A Panchkula family running from pillar to post to get an insurance claim for the past two years finally got relief as the state consumer disputes redressal commission directed the insurance company to pay the claim of ` 1 lakh, along with ` 15,000 as compensation, for deficient services and unfair trade practices.
Dismissing an appeal filed by the National Insurance Company Limited, the consumer commission upheld the order of consumer forum and directed the insurance company to pay ` 1 lakh to the widow and children of Jammaluddin Mondal, a resident of Panchkula, with 9% interest from the date of filing of the claim till its realisation, along with ` 7,500 as cost of litigation.
Mondal’s widow Laila Mondal had moved the consumer forum after the insurance company had rejected her claim.
As per the complaint, Jammaluddin had purchased the mediclaim policy for himself, his spouse and children for an amount of Rs 1 lakh.
He died in December 2012 due to a cardiac arrest, following which Laila filed a mediclaim that was repudiated by the insurance company in March 2013 claiming that the patient was a known case of hypertension and on the date of commencement of the policy, the disease was pre-existing.

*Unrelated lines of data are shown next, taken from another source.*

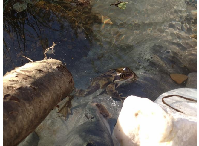
The pond received a croak of approval.

I'm incredibly excited about the pond taking centre-stage in our new Garden School curriculum.
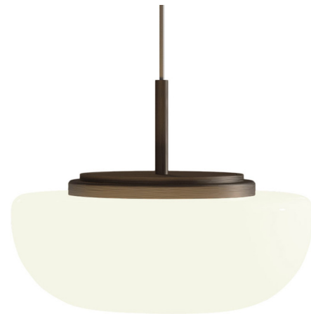
Shown in brushed bronze nickel / satin opal

COLOR RENDERING . . . . . 90 CRI LAMP COLOR . . . . . 2700K LUMENS/WATT . . . . . 110.00 LUMINOUS FLUX . . . . . 550 lumens
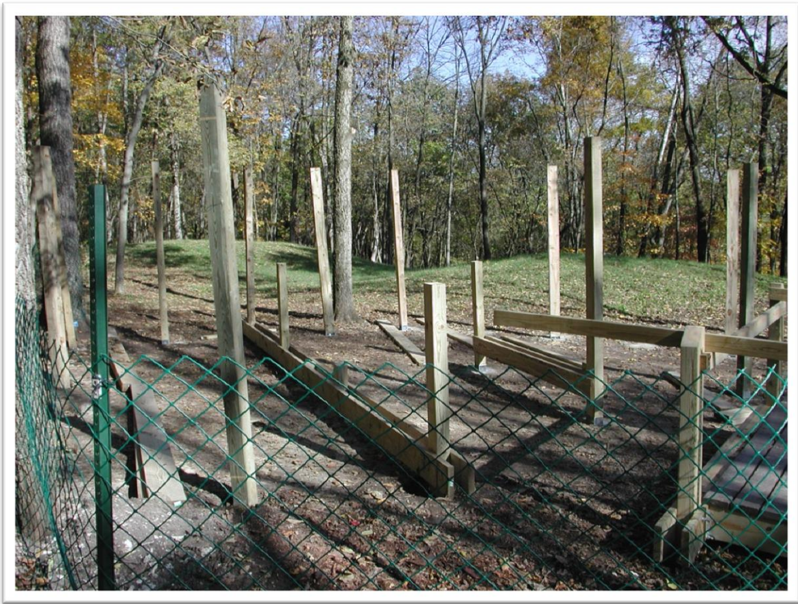
Posts with mounds in the background

The investigation revealed that during the time period of 1999-2010, monument staff failed to comply with the National Historic Preservation Act and/or the National Environmental Policy Act on at least 78 projects using $3,368,704 in federal funds, in particular an extensive system of boardwalks throughout the more than 200 American Indian sacred mounds. Although the criminal investigation focused on two projects because of the statute of limitations, associated with these projects were major project review deficiencies and in many cases a complete lack of National Historic Preservation Act Section 106 and NEPA compliance.
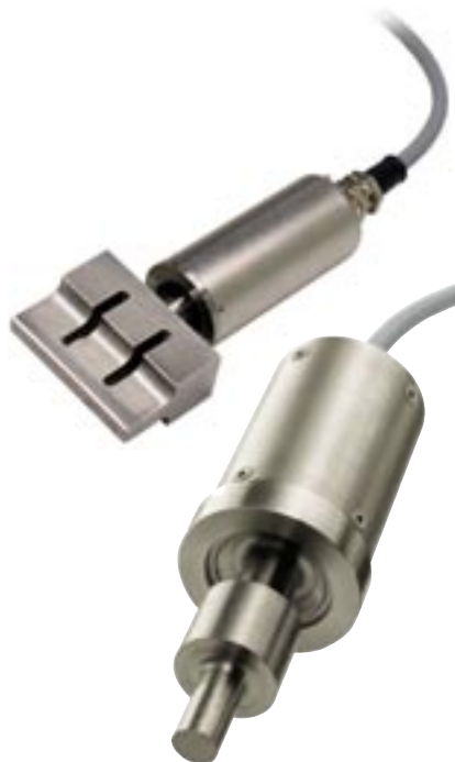
UIW300 and UIW800

With such ultrasonic energy, the thermoplastic material will be preheated and becomes soft or liquid. This effect is used for forming and connecting the individual materials. It is also satisfactory, if only one component is thermoplastic or if a thermoplastic adhesive is applied between the components. The advantage of the ultrasonic welding compared to thermal welding is a shorter time cycle, a higher quality, lower energy consumption as well as the avoidance of heat and damaging steam effects. The ultrasonic processors weld straight pieces or surfaces. The sonotrodes i.e. the welding heads can be customized according to the geometry of the lines or surfaces. The
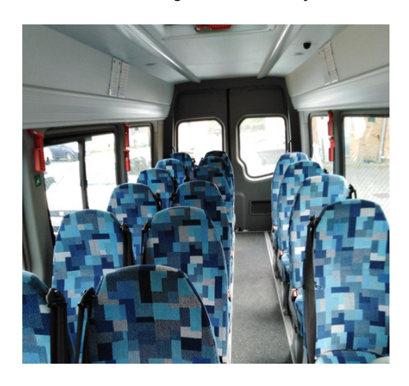
Tickets available to buy at the Information Centre or online at www.faringdonbuscommunity.co.uk

Upholding the order of consumer forum, the consumer commission stated, “Insurance company failed to prove that the deceased was suffering from any disease like hypertension and coronary artery disease at the time of purchase of the mediclaim policy in 2012 or if he was aware of suffering from such disease. The contention of insurance company, thus, being devoid of merit, is not sustainable and stands rejected.”
“The district consumer forum, thus, rightly held that the mere fact that the deceased affixed his signature on a printed declaration that he had read the salient features of the policy did not warrant that terms and conditions were read by him or was made known to him,” ruled consumer commission, while reiterating “Non-payment of the claim of ` 1 lakh to the widow and children amounted to deficiency in rendering service and indulgence in unfair trade practice on the part of the insurance company.”